As I was talking about some of the scale improvements that we have done as part of SP1 this is the current scale number that we have supported for SP1. so DPM, 1 DPM server can support up to 800 VMs each of which are 100GBs each. We support any size clusters with a scale out model whereby we use multiple DPM servers that are actually bigger in number more than 800. we also provide the feature to exclude the page files in order to achieve efficiency it is a new feature that we have provided for whereby in order to achieve efficiency of backup storage we can exclude the page file during backups. Now, how is that accomplished, you can provide the page file to the DPM server and move it to a separate VHD like a scratch VHD and thereby DPM will back up only the page file as part of the initial application but not as part of the subsequent delta application.
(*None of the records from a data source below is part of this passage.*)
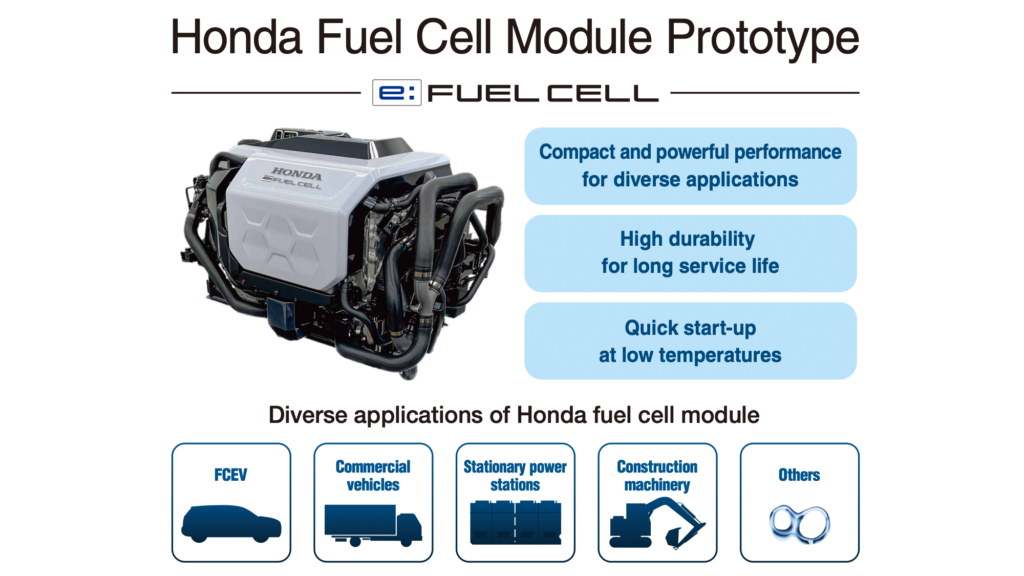 全新次世代燃料電池模組Honda獨立開發,基於與美國通用汽車(GM)共同開發的現行款基礎上再做進一步的改良,該模組具備150kW的定格輸出,實現更加小型化、製造成本減半、耐久性提升至兩倍以上,同時提高三倍以上的容積功率密度等優勢,有助於提升車輛與設備的設計靈活度。根據Honda的計畫,這款燃料電池模組將廣泛應用於燃料電池電動車(FCEV)、商用車、定置型發電設備與建設機械等領域,未來更希望擴展適用範圍與市場,助力打造可持續發展的能源社會。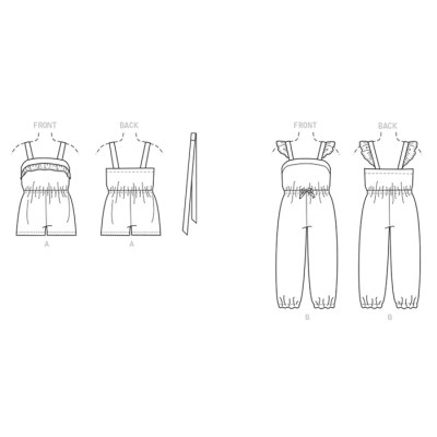 Dětský střih Butterick na overal na ramínka s gumou v pase a variantami délek nohavic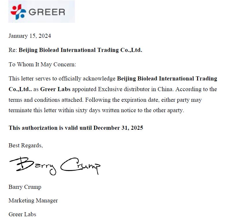 作為 Greer Labs 在中國區(qū)總代理,北京博蕾德生物科技有限公司為中國客戶提供全面的Greer Labs 產(chǎn)品和服務(wù)。下圖為Greer Labs 授權(quán)北京博蕾德生物科技有限公司作為Terrace Biotech在中國區(qū)域的代理授權(quán)書。
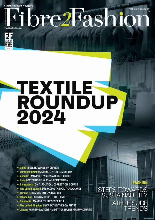 The December 2024 edition of Fibre2Fashion magazine serves as a thoughtful culmination of the year, capturing the defining moments and key transformations across the global textile and fashion industries. This edition explores how key regions navigated the year's challenges while seizing opportunities for growth. In addition to regular segments, it includes an analysis of sustainability strides and athleisure trends, making it an essential read.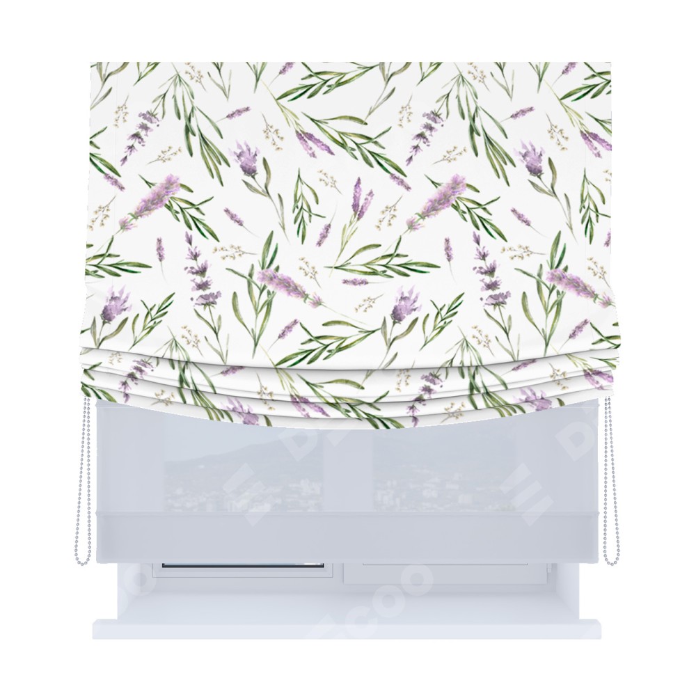 Римская штора «Кортин», день-ночь с мягкими складками, «Лавандовое поле»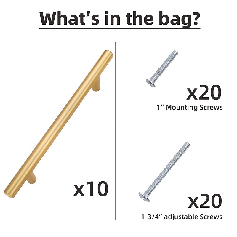 - Easy to Install. Drill holes to install the kitchen cabinet pulls according to spacing; pass through the screw from the back and tighten the pull. Mounting screws are included to mount it on most cabinets and drawers horizontally/vertically.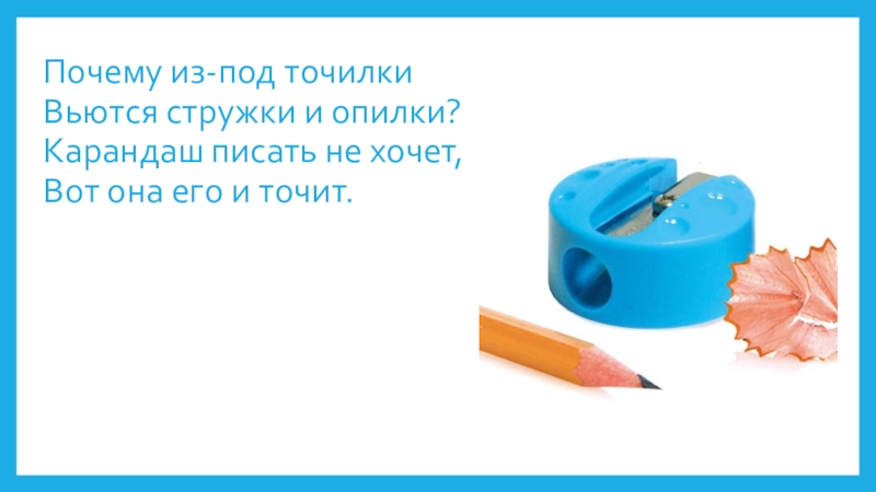Слайд 5Почему из-под точилки Вьются стружки и опилки? Карандаш писать не хочет, Вот она

Now the question then comes as to what is the scale out story for DPM given that Windows 2012 supports a scale of 4000 VMs for a 64 node cluster. Well DPM has a scale out model whereby we can support a 64 node cluster with 4000 VMs with 5DPM servers in other words each DPM will protect 800 VMs and the 5 DPM servers together will protect 4000 VMs on a 64 node cluster. Multiple DPM servers can protect the same cluster and therefore there is no requirement that you assign one DPM to one cluster as long as you know the scale numbers are evenly distributed across the DPM servers then we are good.
So it’s very integrated into the current workflows, it is a new online service so the ability of DPM as a cloud facing application has also been added as part of this, so how does it work? As I said someone subscribes to an online service, he deploys the DPM-A bits on the DPM server, registers DPM with the online service and then he can go about creating backups just like he would in the private cloud space. So it’s a seamless workflow that is also Azure facing.